After a few minutes of exchanging pleasantries, I asked the young man on the other end of the line my standard question: “So, how can we help you? What do you want?”

His reply was unusually precise and succinct. “I want someone to love, something to do, and something to look forward to.”

Love. Work. Hope.

As human beings, we need relationship and a sense of belonging as well as an optimism and confidence about the future.

It’s the second in the trilogy above that I want to comment more on briefly. Work.

We are meaning-seeking creatures. We need purpose, reason. Along with a task. Something to do. Something that matters.

We want to be useful.

I remember washing a vehicle of mine years ago when my oldest son Joshua was still a little boy. He had witnessed on many occasions his daddy happily spraying down and sudzing up our car. He wanted to chip in. To give me a hand.

I went to the store and bought him a special bucket and brush so that he could help me keep ole “Betsy” clean. Having a job made him feel important and worthwhile.  

In the world of addiction, I do not think enough attention is given to this aspect of humanness.

Most of us would agree that there are many factors contributing to drug and alcohol abuse. Guilt. Shame. Resentment. Loneliness. A sense of alienation. Trauma. Loss. Bio-chemical imbalance. This is but a short list of the many factors behind addiction. It is complex.

That said, I believe one of the primary forces often behind addiction—either triggering and/or exacerbating it—has to do with unemployment. By this, I am not restricting my meaning to “without a job.” I am also including the idea of employment “without significance.” To be employed in work that makes little difference, work that lacks redemptive value, and work that falls short of the potentiality of who one is. 


Fundamental to a flourishing life is contributing to the overall well-being of others in the unique ways one has been made. Life is about love, and good work is a primary means through which we can love others by being useful. Helpful.

We were made to work (six days out of seven according to the Ten Commandments!). Crafted for a divinely ordered assignment. Made ready to find pleasure in being of service and benefit to others.

When we are not living according to our design, we implode.

Barbara Brown Taylor notes in one of her books, “When people feel superfluous—when we are deprived of meaningful work, meaningful relationships, meaningful goals—when we cannot find a purpose big enough for our capabilities, then we frequently become destructive. Our destructiveness may be focused outward, resulting in crime and violence, or it may be focused inward, resulting in depression and addiction. Either way, the threat of meaninglessness is our primary motive for repentance, and salvation comes as we discover purpose for our lives.”

I remember having this conversation with an older man who graduated from our program.

Me: “You’ve had thirteen months to reflect on your addiction (a twenty plus-year heroin habit). What was driving that?”

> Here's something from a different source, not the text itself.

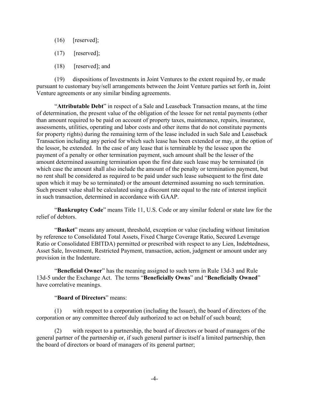 -4- (16) [reserved]; (17) [reserved]; (18) [reserved]; and (19) dispositions of Investments in Joint Ventures to the extent required by, or made pursuant to customary buy/sell arrangements between the Joint Venture parties set forth in, Joint Venture agreements or any similar binding agreements. “Attributable Debt” in respect of a Sale and Leaseback Transaction means, at the time of determination, the present value of the obligation of the lessee for net rental payments (other than amount required to be paid on account of property taxes, maintenance, repairs, insurance, assessments, utilities, operating and labor costs and other items that do not constitute payments for property rights) during the remaining term of the lease included in such Sale and Leaseback Transaction including any period for which such lease has been extended or may, at the option of the lessor, be extended. In the case of any lease that is terminable by the lessee upon the payment of a penalty or other termination payment, such amount shall be the lesser of the amount determined assuming termination upon the first date such lease may be terminated (in which case the amount shall also include the amount of the penalty or termination payment, but no rent shall be considered as required to be paid under such lease subsequent to the first date upon which it may be so terminated) or the amount determined assuming no such termination. Such present value shall be calculated using a discount rate equal to the rate of interest implicit in such transaction, determined in accordance with GAAP. “Bankruptcy Code” means Title 11, U.S. Code or any similar federal or state law for the relief of debtors. “Basket” means any amount, threshold, exception or value (including without limitation by reference to Consolidated Total Assets, Fixed Charge Coverage Ratio, Secured Leverage Ratio or Consolidated EBITDA) permitted or prescribed with respect to any Lien, Indebtedness, Asset Sale, Investment, Restricted Payment, transaction, action, judgment or amount under any provision in the Indenture. “Beneficial Owner” has the meaning assigned to such term in Rule 13d-3 and Rule 13d-5 under the Exchange Act. The terms “Beneficially Owns” and “Beneficially Owned” have correlative meanings. “Board of Directors” means: (1) with respect to a corporation (including the Issuer), the board of directors of the corporation or any committee thereof duly authorized to act on behalf of such board; (2) with respect to a partnership, the board of directors or board of managers of the general partner of the partnership or, if such general partner is itself a limited partnership, then the board of directors or board of managers of its general partner;

Him: “My kids were all grown up, and I didn’t have a self. I didn’t have a place anymore. . . didn’t think I had a need for me.”

This man had to discover a new purpose, a new work, as he pursued healing in his life.

Recovery is just as much about “vocational re-alignment” (a phrase Theologian N.T. Wright coined) as it is improved emotional and mental well-being, improved relationships, and spiritual awakening. It is about helping men and women find their place in God’s story and live accordingly.

Embracing God’s call. Accepting responsibility. Living according to one’s necessity.

Joining with God in his mission of liberation and reconciliation.


“For we are God’s workmanship, created in Christ Jesus to do good works,

which God prepared in advance for us to do.”